Financial services organisations are entrusted with incredibly sensitive customer data and as a result, they allocate significant resources to maintain the trust of their customers, writes James Pattinson, Vice President, EMEA, at the software firm Absolute.
Despite their best efforts, financial services firms continue to be victims of data breaches. In just the past few months, a number of major financial institutions, such as Lloyds, have suffered major leaks, highlighting that no sector is safe from a loss of customer data. The most worrying part of this is that these breaches are a result of everyday, internal activities, and not the kind of attention-grabbing external hack that hit TalkTalk recently. Of course, the sector is more than aware of the issues it faces around data security. A recent study showed that cybercrime makes up 39 per cent of all economic crimes against the financial services sector, compared to 17 per cent for other types of business. As an industry it faces a number of stringent regulations designed to protect this data, and when financial services firms look for a one stop solution for all of their data protection needs, this can be where problems occur, as even the best single solution can fail. The financial services sector needs to take a layered approach to data security, using multiple and complementary methods to guard sensitive data. Below are some aspects of a layered security approach that can have the biggest impact in the financial services sector:
Protect your endpoints
The increased digitisation of data and mobile devices has made it easier than ever for employees to work remotely. While the benefits are clear, for many financial services organisations, it is of vital importance that particularly sensitive information doesn’t leave the premises. While there are clearly a number of draconian initiatives that can tackle this, a more nuanced approach can help preserve mobile working flexibility. This is where geo-location can be used to set up invisible ‘fences’ that can flag whenever a device that doesn’t have authorisation has left the premises. Once alerted, IT can take steps to safeguard that data, whether by blocking access to the device or deleting the data it contains.
Hidden
Of course, it’s not just those that are authorised to view sensitive data that can gain access to it. Other employees on the corporate network can download it, whether for malicious reasons or not. Once data is downloaded to a work device that can leave the premises, it can easily travel beyond the boundaries of the corporate network. The challenge for the IT department is maintaining the balance between employee freedom and wider security. Simply locking down IT systems won’t solve the problem and will reduce the massive productivity benefits of modern approaches to IT, such as mobile and flexible working. One solution is to implement technology that can detect whether a device contains sensitive data. A key part of this is recognising the characteristics and format of the sensitive data (such as credit card numbers, sort codes or account numbers) and financial related terms, and flagging when a device contains sensitive data. It is then possible for the IT team to take a closer look at the device if they’re concerned there has been a breach, or take actions such as deleting those sensitive files remotely in the event of a breach.
Weakest link
Even with a multi-layered technology approach, there is always one element that can let any organisation down – its employees. Employees should be considered a key part of your security. Broadly, there are two elements to this, along with the technology solutions. The first is policy, which should outline, in non-technical and non-legal language, exactly what employees are allowed to do with data and their work devices. The second element is training – ensuring your staff understands security policies and the risks and consequences of a data breach. These data security best practices need to be engaging, relevant and tailored to the jobs people are doing.

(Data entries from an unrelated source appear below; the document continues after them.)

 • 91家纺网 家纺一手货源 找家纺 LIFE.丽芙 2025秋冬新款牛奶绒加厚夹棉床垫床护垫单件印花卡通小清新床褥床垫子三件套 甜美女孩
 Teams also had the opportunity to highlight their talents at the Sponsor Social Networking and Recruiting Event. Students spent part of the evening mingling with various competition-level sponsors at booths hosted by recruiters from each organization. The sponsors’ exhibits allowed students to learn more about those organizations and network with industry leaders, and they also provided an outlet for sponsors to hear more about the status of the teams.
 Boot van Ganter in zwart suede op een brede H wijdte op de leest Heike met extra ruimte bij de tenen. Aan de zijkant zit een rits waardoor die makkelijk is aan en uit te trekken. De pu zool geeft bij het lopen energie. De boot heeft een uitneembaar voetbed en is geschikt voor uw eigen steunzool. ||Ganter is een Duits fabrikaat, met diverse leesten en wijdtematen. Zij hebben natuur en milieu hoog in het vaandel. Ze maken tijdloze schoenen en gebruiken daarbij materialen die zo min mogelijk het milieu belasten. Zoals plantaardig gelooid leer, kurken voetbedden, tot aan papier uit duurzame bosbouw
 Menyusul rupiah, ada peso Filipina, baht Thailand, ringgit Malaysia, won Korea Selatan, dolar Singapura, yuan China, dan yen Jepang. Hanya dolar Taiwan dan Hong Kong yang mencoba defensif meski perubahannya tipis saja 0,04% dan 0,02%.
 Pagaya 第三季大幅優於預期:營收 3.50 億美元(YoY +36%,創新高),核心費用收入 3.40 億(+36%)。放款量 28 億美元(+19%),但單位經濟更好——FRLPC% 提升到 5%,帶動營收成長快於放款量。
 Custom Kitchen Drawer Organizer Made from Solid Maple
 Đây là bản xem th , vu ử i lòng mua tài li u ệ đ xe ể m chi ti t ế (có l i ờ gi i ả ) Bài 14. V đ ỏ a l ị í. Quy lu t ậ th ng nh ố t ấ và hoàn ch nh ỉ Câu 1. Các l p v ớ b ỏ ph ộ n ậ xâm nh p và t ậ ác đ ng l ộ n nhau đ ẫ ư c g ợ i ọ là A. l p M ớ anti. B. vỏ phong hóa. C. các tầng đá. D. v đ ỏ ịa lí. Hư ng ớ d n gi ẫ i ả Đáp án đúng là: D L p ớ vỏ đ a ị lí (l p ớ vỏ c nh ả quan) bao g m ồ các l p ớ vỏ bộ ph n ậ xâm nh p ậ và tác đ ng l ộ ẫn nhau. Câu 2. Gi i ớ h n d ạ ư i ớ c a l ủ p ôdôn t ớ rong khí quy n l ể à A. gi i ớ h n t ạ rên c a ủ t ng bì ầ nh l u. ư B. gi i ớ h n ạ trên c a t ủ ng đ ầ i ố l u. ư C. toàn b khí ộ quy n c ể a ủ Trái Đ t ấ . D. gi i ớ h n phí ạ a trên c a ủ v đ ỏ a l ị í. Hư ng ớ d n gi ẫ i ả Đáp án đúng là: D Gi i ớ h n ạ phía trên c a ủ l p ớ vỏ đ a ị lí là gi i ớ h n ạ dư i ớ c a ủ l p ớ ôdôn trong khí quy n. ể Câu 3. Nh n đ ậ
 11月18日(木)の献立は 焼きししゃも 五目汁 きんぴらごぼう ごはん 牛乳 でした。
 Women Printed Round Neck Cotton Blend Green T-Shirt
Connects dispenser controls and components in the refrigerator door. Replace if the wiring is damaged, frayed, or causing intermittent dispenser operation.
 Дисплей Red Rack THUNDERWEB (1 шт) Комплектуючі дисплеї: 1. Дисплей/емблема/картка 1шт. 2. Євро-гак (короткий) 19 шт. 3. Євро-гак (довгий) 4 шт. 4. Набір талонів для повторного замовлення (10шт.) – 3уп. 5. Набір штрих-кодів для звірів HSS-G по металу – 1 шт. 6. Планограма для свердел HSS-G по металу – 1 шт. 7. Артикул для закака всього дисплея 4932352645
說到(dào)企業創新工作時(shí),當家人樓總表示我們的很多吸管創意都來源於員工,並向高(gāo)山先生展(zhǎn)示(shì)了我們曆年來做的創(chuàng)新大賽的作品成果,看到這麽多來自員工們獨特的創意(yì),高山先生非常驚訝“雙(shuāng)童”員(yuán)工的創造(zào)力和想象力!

There is no magic bullet for security in the financial services sector. The only way companies can protect themselves is to take a truly holistic, layered approach to security and look at a myriad of ways that data can be lost or compromised. The sheer volume of sensitive data and the massive implications of a breach mean the financial sector can never be too safe when it comes to having the right technology and processes in place to guard against data breaches. Ultimately, anyone delivering financial services needs set the standard when it comes to data security, and those companies falling below that will quickly realise the value their customers place on this trust.